Thursday, July 03, 2008

Deadly delay

The proponents of incrementally dismantling Canada's public healthcare system have seized on wait lists in recent years. Although the problem has been massively exaggerated, and is actually an argument for more investment in the public system the usual suspects at the Fraser Institute and the Can-West chain think they have a winning argument for abandoning the public model.

Except that wait times are as bad or worse in the American healthcare non-system, disproportionately affect patients based on race and income and are dangerously concentrated in emergency care due to patients not being able to afford the preventative care that would have helped them avoid a visit to an emergency room.

And the 'innovative private sector solutions' the usual suspects promote to solve Canada's wait list problems have been a grotesque, hugely expensive failure everywhere they've been tried.

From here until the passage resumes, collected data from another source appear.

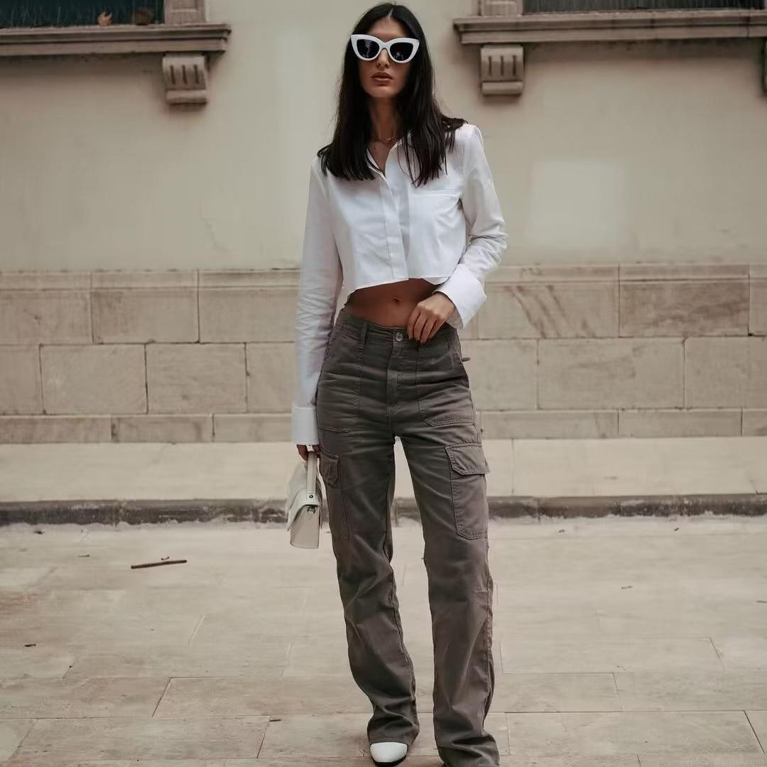 Women's Cargo Pants 100% Cotton Twill Multi-Pocket Straight Leg Trousers Y2K Streetwear Casual Outdoor Techwear Fashion Pants for Women
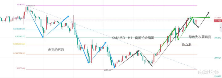 黄金本身呢,这周写文章时,个人一直在写小时图的五浪转三浪,经过周二周三的走法,完全成立get√,今天就关注一下前高的3132吧,这个位置的得失表示了黄金新五浪的形成与否。
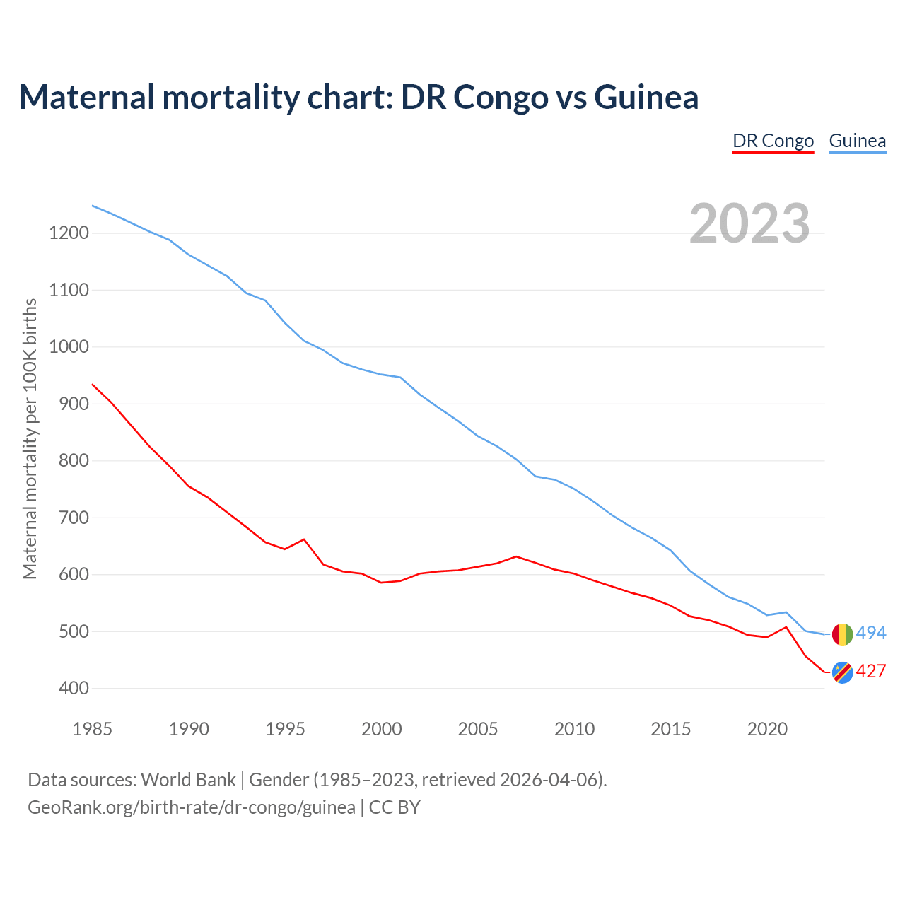 The maternal mortality rate, which is the probability of dying during childbirth or within 42 days of pregnancy termination, is 427 deaths per 100,000 live births in the DR Congo, compared to 494 deaths in Guinea.

Wait lists increase as doctors cherrypick easy lucrative cases and patient care and access has suffered. Oddly enough, introducing the profit motive into multiple new levels of the healthcare system also ended up drastically increasing costs.

Plus, when have you ever heard this kind of wait list story in Canada?:
Video footage has emerged of an American woman dying on the floor of a New York City hospital as workers failed to help for more than an hour. Esmin Green, 49, who was said to have suffered a mental breakdown, had been waiting to be seen at Kings County Hospital, Brooklyn, for some 24 hours.